Tampa remains a daunting opponent and the heavy favourite to win the series on home ice Tuesday night. They also haven't lost three straight all year. But Montreal has plainly found another gear since being blown out in Game 2.

And they've already done one better than any other Habs edition of the past 105 years: Prior to Saturday, only five Canadiens squads had ever won Game 4 after going down 0-3 – and none of them extended the series beyond five games.

How is this even possible?

Having Carey Price at his intractable best certainly doesn't hurt. In Game 5 he was beaten only once – on a Steven Stamkos rebound chance – and made a thoroughly ridiculous glove save on Valtteri Filppula in the third. But there's more to it than that.

Head coach Michel Therrien raised eyebrows last week when he said after losing Game 3 that there weren't many adjustments needed to his game plan.

It turns out he was right.

Mostly, the players say, the turnaround has to do with sharper passing and a more attentive execution of the game plan.

Therrien may not favour the most captivating style in the NHL, but it's effective when deployed smartly.

"If we can't force turnovers, then it looks like we never have the puck. A lot of things start with our fore-check, but you can't just put it all on the forwards," defenceman and provocateur P.K. Subban said after Game 5.

When the defence moves the puck quickly and effectively, the forwards can play with more speed and get to pucks first, disrupting attacking teams such as Tampa.

"When we're playing our system the way we want to, we should be forcing turnovers. And when we are forcing turnovers, there's not a team in this league, I think, that can play with us," Subban added. "When we're not, we're going to be in trouble. … Carey's a great hockey player, but he's human."

The Habs' power play, which has been a detriment all season, has also awoken since Therrien moved Andrei Markov off the first wave and put Jeff Petry with Subban.

The adjustment has given Subban more freedom to roam, and though the man advantage has scored only once in the series, it has looked potent and generated chances.

Lightning coach Jon Cooper referenced the Montreal power play after Game 5, saying it was effective enough to sap his team's positive momentum in the game.

The Habs have also been seeking to exploit the middle of the ice, activating their defence so they can support the attack on central drives and create more chaos around Tampa goalie Ben Bishop.

The offshoot is the Habs have scored the first goal in each of the past two games (after failing to do so in seven of their first nine playoff games) from plays that traversed the middle of the Tampa zone.

The late game winner on Saturday was scored by Pierre-Alexandre Parenteau on a quick shot from the high slot, a spot from which he had cranked a shot off the post in the second.
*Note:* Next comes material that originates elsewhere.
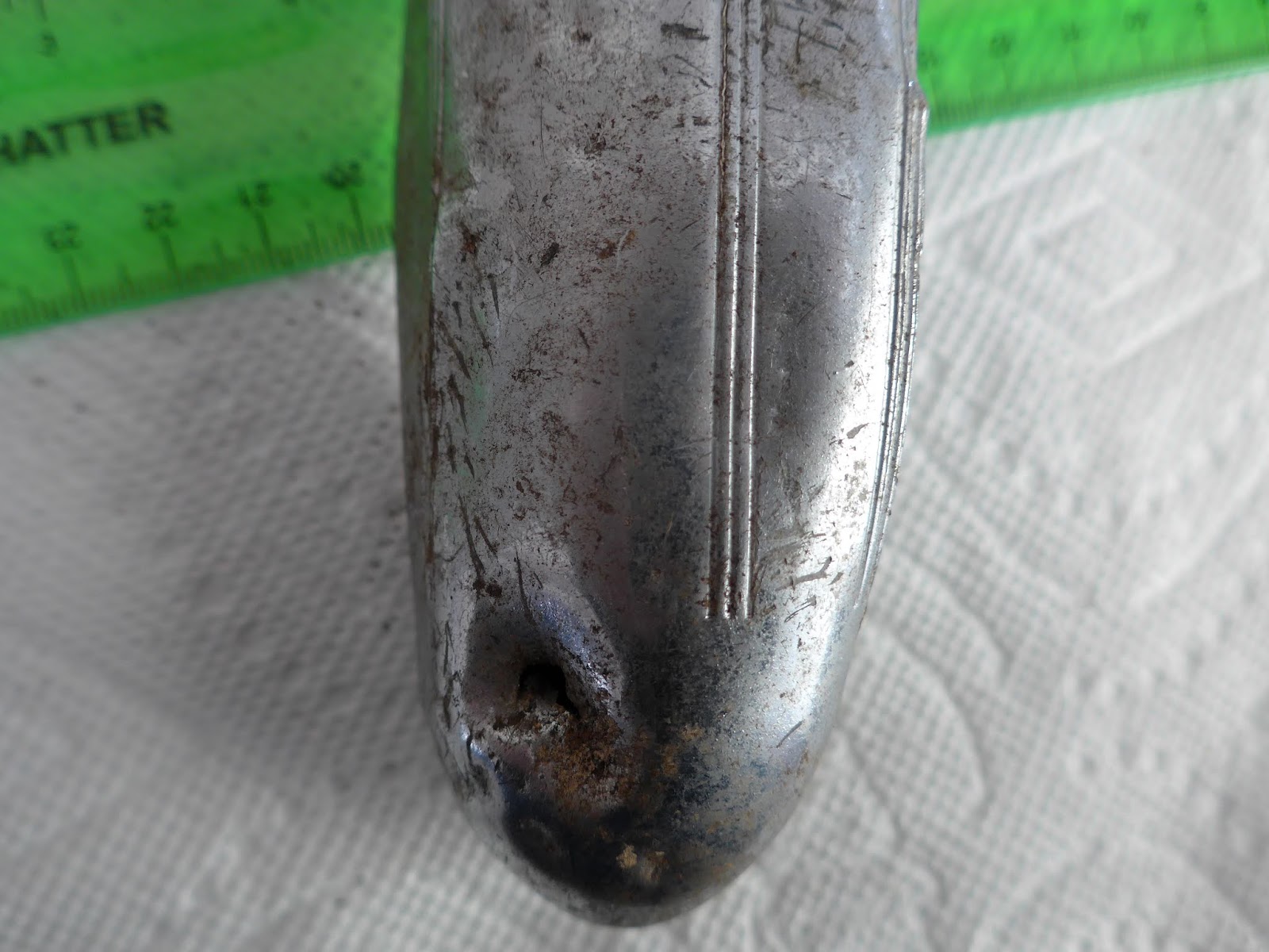 Photo #3: While the flashlight has retained much of its reflective brilliance, it is pitted with small scratches and puncture marks.

"We've been having success in that little zone of the ice – it's generating. So when I saw the puck come to P.K., I thought I should go there and try to get open," said Parenteau, who was set up by a sensational Subban fake-and-deke at the offensive blueline that bamboozled both Alex Killorn and Stamkos, who had thrown a blind pass up the boards.

Pacioretty said the expectation is the Tampa defence will yield more of those kinds of chances as it wears down over a long series.

Tampa may well be the fastest team in the league, but that doesn't mean Montreal isn't quick enough to wear them out.

It's also true that Bishop has been generous in the past couple of games.

Prior to Game 5, he vowed to let his play answer Subban's words (the blueliner had suggested Bishop has been "sitting on a horseshoe at times"), but in the end it didn't.

Subban, who grappled with his boyhood pal Stamkos after the final horn, said he expects Bishop "to be a lot better" on Tuesday.

Psychological gamesmanship is a two-way street, of course. Cooper said his team doesn't fear Price, whose numbers against Tampa are "very pedestrian."

Subban often delivers his strongest performances after making transgressive statements – almost no one in hockey trash-talks in public any more – and bristled when was asked if he worried about providing bulletin-board fodder.

"I'm on the ice, so someone can address it. … I'm here, I'm not hiding from anybody," he said.

On second thought, it appears the Habs aren't going to Florida for fun at all.